Looking at Kmasters0 contributions, I see no reason to suspect their work as untoward, or part of a conspiracy to revise the history of MOOCs. They were simply upholding Wikipedia standards. If anything, Kmasters0' contribution points to the lack of 'credible' literature that was and is being produced that might help preserve that known history. It also shows that the education sector is completely absent of contribution to Wikipedia articles on things in their field.

Just take a quick look at the quality and contribution of the articles for some of the major buzz word concepts we've all been part of this last decade or more:


  • Flexible learning - Little more than a stub article, no substantial contribution since 2009, no discussion
  • Blended learning - reverted back to a stub due to such poor quality, a trickle of contribution, very littel discussion
  • Online learning - redirects to eLearning without challenge. A substantial article however, with very active contributions, little to no discussion however.
  • Learning Management System - A reasonably substantial article. Some discussion. Barely an edit in 2013 or 2012Informal learning
  • M-Learning - a very strange way to construct an article. Low levels of contribution, with a recent flurry from FeatherPluma.
  • Inquiry-based learning- Needs considerable work before it's even useful. Barely a peep on the talk page.
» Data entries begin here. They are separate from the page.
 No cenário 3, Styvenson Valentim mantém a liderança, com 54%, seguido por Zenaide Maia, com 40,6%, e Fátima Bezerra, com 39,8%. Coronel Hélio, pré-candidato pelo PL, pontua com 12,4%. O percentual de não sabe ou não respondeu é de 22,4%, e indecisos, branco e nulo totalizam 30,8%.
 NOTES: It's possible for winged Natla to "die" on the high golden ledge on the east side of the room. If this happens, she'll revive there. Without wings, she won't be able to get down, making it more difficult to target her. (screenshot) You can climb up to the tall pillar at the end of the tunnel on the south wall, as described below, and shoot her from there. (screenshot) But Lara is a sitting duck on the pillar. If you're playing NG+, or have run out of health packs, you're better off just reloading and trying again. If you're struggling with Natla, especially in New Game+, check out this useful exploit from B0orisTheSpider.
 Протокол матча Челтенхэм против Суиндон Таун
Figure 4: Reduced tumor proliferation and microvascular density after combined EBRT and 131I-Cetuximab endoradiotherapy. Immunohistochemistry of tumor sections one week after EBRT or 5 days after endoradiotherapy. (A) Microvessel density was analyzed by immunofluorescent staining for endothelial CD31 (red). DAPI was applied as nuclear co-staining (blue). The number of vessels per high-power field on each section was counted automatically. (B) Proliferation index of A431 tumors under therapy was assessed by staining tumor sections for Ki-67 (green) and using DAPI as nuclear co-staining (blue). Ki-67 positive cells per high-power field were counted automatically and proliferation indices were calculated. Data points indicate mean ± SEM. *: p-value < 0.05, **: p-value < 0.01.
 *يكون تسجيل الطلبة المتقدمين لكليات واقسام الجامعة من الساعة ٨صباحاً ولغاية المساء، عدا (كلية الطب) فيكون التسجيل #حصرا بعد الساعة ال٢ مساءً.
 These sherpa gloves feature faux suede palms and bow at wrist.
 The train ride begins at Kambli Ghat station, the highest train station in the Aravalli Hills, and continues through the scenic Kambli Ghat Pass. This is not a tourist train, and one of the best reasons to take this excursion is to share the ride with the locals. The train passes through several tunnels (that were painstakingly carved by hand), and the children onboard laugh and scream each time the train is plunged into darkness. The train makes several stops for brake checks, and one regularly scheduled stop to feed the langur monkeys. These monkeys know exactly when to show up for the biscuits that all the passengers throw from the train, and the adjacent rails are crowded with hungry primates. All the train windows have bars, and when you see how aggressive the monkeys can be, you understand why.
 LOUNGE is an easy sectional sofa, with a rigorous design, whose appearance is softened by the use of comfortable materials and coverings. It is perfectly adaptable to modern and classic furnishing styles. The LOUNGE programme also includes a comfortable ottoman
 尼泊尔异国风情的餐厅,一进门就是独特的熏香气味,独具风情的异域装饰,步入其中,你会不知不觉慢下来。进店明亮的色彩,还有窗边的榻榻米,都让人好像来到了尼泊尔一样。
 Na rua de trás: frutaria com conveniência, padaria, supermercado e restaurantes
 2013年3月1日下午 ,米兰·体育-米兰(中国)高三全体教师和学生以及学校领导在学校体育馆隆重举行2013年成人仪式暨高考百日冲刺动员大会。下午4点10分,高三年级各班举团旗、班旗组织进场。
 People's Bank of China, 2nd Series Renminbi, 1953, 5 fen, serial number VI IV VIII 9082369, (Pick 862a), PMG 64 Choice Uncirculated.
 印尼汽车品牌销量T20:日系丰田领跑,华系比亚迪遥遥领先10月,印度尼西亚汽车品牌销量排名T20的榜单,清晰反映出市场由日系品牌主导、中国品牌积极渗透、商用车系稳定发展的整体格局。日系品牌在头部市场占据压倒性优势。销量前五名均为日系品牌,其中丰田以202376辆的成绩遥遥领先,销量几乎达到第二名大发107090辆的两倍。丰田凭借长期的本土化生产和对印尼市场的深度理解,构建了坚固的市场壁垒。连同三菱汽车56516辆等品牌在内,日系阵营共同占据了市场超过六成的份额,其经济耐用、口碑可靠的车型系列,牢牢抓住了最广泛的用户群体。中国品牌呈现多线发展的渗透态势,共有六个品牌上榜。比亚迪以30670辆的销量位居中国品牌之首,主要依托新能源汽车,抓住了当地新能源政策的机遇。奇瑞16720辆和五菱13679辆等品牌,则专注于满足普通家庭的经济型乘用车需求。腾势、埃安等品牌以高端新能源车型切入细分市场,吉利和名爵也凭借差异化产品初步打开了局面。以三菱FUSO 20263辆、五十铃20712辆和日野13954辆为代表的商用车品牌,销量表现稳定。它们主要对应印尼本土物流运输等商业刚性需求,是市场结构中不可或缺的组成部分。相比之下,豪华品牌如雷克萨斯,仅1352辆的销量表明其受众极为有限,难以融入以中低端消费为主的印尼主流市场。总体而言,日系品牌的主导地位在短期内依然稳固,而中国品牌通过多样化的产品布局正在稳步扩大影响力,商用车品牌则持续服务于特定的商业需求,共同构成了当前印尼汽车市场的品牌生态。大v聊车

Hardly a contribution all year.
  • Connectivism - Still in draft form with some odd structure applied. Hardly anything added in 2013 or 12. No substantial discussion since 2011
  • Networked learning - Pretty good, if I do say so myself. Am I the only one here who has something to offer this article! Discussion page is practically all me, as is the edit history, and I haven't touched it since 2012.


Do you get the point I'm trying to make? Who among us, that spend considerable time commenting on the commentary through our blogs, Slideshares, Youtubes and the like, take an hour out of each day to check and help improve the Wikipedia articles relating to our work? Who out there, when asked to create a hand out to use as a resource in some staff training session, thinks to edit and use the Wikipedia articles? I try to do it in every place I've worked, but remain the only one I know!

The work of Public Relations professions, seeking to manage the message on any number of things through Wikipedia is unsurprising. If that practice continues to grow, soon they'll overwhelm the capacity of volunteers to control their activities, in fact I bet they have overwhelmed them in many areas already. If we in and around the profession can't see reason to make contribution to the most important reference text part of everyday practice, then we deserve to have our history rewritten for us.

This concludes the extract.